Julia ran over, holding up a partly denuded dandelion.

“Ohhhh, pretty,” Emily said, going down the steps, dropping to her haunches, and drawing her close. “Did you blow?” She gave a noisy demonstration, then moved the flower close to Julia’s mouth. “You try. Blow. No? Okay. How about we shake it?” She gave the flower a sharp shake. When the fluff flew in all directions, Julia squealed in delight, reaching, jumping, squatting. Emily laughed at her, then gave the flower another shake, setting Julia off again. When the flower was nothing but a stem, Julia ran off for more.

Brian was smiling when Emily stood. “It’s good to hear her laugh. Good to hear you laugh, too.
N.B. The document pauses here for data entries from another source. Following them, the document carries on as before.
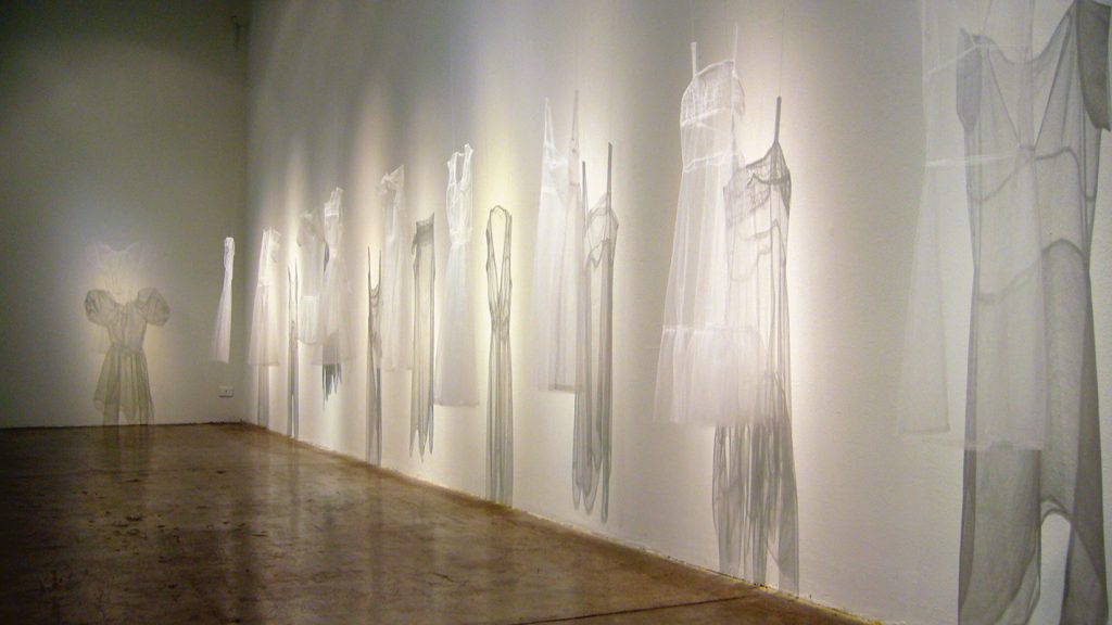 Claudia Casarino. Desvestidos, 2005. Ocho vestidos de tul, dimensiones variables. Colección de la artista. Foto: Claudia Casarino.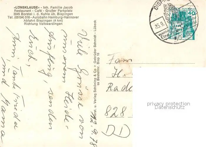 Borstel_Bispingen Loensklause Restaurant Café Terrasse Borsteler Schweiz Borstel_Bispingen postalisch gelaufen 1978 Erhaltung siehe scans [FriedD77] Frierer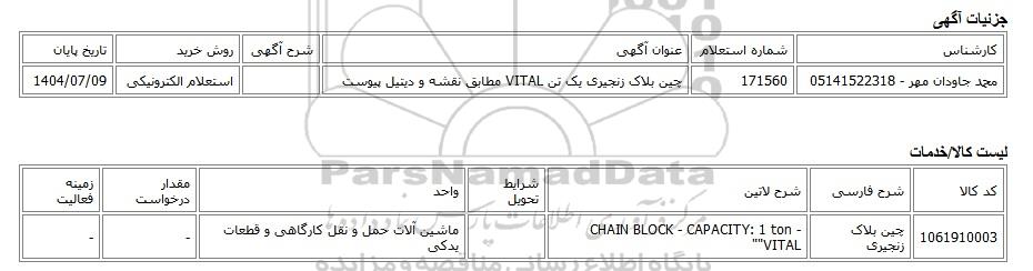 محمد جاودان مهر - 05141522318171560چین بلاک زنجیری یک تن VITAL مطابق نقشه و دیتیل پیوستاستعلام الکترونیکی1404/07/09

Are you meeting your friends tonight?” It was Monday, after all.

“Uh-huh.”

“Will you talk with them?” He meant, about the weekend, about Doug.

The waning of her smile said she understood. “I think so.”

“It helps to share,” he said, and because she was a friend and he felt the need, he drew her into a quick, close, bolstering hug, before returning to Julia.

• • •

Myra saw the hug from her dining room window and couldn’t have been more pleased. She didn’t for a minute think that Emily was doing anything improper—not Emily—but the closer she and the detective grew, the better.

He was the key. Myra just knew it. She could feel it in her bones, along with the arthritis that kept reminding her of her age and frightened her no end, given all there was still to do.

Back in the kitchen, the table was set, the ham ready. She cut a neat slice for herself and two for Frank, and arranged them on plates, put a small potato on her own and a large one on Frank’s, then added green beans and a dribble of raisin sauce. Pleased with the pretty picture, she put the plates on the table.